Tra rilevanza culturale e perdita di identità
@fendi And I don’t want to be found #FENDI audio originale - Fendi
La questione non riguarda più semplicemente la presenza online, ma il modo in cui questa presenza viene costruita. Ogni intervento nei commenti diventa una scelta strategica che influenza direttamente la percezione del brand. Un’eccessiva distanza rischia di rendere le Maison irrilevanti nel panorama culturale contemporaneo, mentre un’eccessiva vicinanza può ridurne il valore simbolico e la riconoscibilità. Per questo motivo la presenza nei commenti può funzionare soltanto se gestita con precisione strategica. Quando l’interazione appare coerente con l’identità del brand, rafforza la rilevanza culturale. Quando invece sembra costruita esclusivamente per inseguire engagement e approvazione immediata, rischia di indebolire il valore stesso del marchio.

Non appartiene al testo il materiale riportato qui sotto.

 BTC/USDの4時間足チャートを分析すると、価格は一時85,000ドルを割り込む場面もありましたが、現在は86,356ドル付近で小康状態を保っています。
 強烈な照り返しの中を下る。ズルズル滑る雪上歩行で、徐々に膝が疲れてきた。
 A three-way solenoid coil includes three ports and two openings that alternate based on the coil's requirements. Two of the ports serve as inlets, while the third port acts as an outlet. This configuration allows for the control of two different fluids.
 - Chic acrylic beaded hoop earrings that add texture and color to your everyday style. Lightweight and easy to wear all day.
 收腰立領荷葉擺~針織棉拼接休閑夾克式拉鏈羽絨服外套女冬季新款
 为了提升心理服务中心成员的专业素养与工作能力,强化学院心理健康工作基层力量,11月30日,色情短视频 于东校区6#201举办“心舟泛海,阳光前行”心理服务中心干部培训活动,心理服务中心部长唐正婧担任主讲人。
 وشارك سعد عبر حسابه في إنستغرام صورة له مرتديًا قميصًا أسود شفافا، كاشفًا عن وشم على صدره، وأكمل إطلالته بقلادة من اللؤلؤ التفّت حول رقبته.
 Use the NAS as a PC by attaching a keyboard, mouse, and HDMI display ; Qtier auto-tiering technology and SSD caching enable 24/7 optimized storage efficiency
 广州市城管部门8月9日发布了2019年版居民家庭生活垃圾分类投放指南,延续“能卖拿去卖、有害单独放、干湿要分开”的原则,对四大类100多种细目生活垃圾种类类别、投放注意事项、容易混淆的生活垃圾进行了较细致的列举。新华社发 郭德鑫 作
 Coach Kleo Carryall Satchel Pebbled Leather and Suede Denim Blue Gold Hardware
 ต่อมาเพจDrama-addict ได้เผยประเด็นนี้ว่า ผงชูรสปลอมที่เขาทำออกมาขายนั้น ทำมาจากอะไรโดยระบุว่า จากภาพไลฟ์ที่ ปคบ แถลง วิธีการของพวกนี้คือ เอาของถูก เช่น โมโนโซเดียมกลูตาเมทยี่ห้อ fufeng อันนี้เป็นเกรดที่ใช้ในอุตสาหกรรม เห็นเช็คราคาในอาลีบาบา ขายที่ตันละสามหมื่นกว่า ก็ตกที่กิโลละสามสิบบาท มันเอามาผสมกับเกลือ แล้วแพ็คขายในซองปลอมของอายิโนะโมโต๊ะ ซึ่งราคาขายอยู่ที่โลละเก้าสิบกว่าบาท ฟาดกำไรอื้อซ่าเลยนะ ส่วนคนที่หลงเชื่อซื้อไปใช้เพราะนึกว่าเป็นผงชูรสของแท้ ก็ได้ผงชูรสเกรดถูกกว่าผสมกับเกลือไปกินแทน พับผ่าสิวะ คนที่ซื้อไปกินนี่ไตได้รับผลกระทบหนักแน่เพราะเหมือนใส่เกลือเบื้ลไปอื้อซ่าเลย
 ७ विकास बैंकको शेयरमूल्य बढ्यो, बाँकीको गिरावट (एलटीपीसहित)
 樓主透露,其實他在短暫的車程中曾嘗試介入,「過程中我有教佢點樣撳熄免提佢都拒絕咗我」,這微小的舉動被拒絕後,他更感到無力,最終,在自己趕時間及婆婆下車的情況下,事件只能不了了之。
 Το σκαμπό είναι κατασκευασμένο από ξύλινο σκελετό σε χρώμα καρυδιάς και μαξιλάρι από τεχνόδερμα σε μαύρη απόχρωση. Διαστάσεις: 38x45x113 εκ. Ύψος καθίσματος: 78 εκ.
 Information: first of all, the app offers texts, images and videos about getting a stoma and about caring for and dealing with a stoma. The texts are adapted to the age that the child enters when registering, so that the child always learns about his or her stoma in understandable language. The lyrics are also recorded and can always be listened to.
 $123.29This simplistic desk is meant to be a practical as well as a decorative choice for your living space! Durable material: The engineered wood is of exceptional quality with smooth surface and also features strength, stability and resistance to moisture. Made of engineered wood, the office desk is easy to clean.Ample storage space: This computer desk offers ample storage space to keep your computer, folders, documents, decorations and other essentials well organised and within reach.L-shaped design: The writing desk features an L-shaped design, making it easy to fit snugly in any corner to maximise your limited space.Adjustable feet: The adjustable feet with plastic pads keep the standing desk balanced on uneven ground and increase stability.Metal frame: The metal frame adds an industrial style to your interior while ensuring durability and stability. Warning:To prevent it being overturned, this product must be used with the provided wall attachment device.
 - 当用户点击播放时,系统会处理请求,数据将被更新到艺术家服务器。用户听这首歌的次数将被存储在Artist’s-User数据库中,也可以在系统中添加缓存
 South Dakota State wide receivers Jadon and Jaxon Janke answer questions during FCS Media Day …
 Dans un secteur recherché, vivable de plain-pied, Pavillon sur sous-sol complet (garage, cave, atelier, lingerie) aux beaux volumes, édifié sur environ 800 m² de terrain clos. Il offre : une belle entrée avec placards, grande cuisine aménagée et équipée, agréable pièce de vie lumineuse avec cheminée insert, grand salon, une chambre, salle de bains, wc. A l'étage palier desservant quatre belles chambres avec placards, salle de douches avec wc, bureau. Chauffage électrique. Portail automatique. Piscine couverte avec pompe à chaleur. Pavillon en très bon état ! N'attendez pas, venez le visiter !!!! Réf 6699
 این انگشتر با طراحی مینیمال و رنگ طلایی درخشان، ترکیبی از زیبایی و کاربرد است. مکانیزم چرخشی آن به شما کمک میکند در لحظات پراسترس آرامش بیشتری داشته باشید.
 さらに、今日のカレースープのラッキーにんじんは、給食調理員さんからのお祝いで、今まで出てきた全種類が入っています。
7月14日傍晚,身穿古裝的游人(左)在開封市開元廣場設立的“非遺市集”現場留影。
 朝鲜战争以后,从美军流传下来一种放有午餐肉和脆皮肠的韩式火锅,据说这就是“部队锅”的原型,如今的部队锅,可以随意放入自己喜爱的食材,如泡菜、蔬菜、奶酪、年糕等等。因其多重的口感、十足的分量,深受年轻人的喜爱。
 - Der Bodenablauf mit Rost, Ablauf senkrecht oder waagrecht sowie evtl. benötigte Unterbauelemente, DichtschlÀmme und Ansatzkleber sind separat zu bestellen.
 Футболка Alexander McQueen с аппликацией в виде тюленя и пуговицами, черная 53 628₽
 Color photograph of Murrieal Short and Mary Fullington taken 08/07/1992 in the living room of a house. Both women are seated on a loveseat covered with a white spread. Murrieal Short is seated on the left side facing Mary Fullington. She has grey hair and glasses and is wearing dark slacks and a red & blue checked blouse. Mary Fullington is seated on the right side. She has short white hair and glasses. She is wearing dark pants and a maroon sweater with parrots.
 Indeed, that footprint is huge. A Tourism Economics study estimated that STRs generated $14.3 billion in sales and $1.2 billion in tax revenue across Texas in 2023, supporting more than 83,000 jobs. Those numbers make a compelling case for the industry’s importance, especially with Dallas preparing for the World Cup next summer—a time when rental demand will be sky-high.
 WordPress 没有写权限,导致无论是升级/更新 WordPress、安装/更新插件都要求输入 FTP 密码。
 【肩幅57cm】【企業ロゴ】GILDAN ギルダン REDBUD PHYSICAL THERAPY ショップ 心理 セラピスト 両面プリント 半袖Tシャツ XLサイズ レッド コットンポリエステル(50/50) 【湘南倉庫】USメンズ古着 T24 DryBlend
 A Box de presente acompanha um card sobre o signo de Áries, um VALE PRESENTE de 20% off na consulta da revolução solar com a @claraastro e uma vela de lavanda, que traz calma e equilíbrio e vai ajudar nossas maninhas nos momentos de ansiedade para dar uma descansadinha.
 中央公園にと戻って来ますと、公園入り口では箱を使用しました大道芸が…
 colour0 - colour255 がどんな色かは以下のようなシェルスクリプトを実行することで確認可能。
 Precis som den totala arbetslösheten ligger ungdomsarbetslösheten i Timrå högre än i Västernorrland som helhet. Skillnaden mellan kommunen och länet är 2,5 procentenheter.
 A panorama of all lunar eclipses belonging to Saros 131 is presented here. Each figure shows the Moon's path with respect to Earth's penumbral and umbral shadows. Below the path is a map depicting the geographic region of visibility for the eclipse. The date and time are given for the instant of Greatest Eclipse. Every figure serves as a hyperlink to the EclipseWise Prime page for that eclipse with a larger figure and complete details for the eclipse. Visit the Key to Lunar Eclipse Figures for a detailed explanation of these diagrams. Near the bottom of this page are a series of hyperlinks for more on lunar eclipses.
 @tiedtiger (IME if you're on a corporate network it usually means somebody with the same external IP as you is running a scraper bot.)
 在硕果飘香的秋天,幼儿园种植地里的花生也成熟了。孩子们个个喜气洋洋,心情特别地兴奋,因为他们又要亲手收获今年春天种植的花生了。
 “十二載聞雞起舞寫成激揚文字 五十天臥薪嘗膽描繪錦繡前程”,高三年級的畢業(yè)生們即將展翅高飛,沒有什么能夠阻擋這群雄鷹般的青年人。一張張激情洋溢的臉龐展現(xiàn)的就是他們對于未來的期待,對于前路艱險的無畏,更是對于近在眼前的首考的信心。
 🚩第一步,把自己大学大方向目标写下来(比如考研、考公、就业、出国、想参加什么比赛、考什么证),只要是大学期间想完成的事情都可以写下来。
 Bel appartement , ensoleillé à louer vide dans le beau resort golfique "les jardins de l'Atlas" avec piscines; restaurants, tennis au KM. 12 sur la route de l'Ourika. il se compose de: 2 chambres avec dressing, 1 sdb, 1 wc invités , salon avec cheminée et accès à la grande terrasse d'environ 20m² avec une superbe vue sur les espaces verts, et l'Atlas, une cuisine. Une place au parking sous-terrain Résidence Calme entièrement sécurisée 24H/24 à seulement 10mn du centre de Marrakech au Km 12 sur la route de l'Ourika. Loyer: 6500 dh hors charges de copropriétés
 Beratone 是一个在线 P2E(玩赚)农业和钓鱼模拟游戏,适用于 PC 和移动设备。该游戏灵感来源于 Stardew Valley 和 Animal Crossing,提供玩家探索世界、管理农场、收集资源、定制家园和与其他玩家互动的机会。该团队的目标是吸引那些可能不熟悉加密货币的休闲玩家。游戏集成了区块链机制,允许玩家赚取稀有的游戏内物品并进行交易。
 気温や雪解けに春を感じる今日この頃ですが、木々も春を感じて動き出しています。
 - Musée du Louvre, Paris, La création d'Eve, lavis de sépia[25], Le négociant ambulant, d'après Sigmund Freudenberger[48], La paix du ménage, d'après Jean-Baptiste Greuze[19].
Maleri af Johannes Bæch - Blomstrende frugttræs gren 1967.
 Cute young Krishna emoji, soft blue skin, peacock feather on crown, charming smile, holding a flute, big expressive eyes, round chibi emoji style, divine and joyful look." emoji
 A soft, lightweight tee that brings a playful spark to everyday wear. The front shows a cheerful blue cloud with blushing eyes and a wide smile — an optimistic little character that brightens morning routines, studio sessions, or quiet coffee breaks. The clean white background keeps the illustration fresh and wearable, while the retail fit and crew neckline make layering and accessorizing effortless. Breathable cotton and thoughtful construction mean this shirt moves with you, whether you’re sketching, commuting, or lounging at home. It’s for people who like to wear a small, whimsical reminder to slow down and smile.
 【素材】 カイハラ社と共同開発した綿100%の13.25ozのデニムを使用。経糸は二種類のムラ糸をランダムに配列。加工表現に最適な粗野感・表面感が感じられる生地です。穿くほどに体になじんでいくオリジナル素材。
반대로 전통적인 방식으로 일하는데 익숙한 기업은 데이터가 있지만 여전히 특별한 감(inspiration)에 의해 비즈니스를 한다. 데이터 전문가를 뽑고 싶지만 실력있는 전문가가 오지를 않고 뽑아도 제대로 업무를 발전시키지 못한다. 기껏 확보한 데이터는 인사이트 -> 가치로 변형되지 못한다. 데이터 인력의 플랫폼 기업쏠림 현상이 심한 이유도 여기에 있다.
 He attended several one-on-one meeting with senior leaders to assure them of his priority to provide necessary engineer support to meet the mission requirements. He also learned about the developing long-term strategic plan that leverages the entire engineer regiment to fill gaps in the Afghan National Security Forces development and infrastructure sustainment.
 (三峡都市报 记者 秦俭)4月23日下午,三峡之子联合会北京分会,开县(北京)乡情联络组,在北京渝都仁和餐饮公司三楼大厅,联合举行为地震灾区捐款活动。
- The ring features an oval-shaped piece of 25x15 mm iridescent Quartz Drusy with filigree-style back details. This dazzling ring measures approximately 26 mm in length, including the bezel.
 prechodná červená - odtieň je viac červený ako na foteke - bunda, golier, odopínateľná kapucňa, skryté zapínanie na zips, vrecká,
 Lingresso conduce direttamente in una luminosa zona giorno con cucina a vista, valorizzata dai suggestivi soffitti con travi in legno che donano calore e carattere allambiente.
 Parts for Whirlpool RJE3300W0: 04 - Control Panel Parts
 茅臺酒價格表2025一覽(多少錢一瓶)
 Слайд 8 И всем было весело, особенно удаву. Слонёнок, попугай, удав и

Il passaggio dal feed ai commenti segna una transizione: dalla comunicazione controllata alla partecipazione continua. Ed è proprio in questo spazio rapido, instabile e altamente reattivo che si sta ridefinendo una parte sempre più importante della cultura del branding contemporaneo. Ora la vera sfida per i brand non è più soltanto ottenere attenzione, ma riuscire a mantenere una voce riconoscibile all’interno di uno spazio digitale in cui tutti parlano la stessa lingua.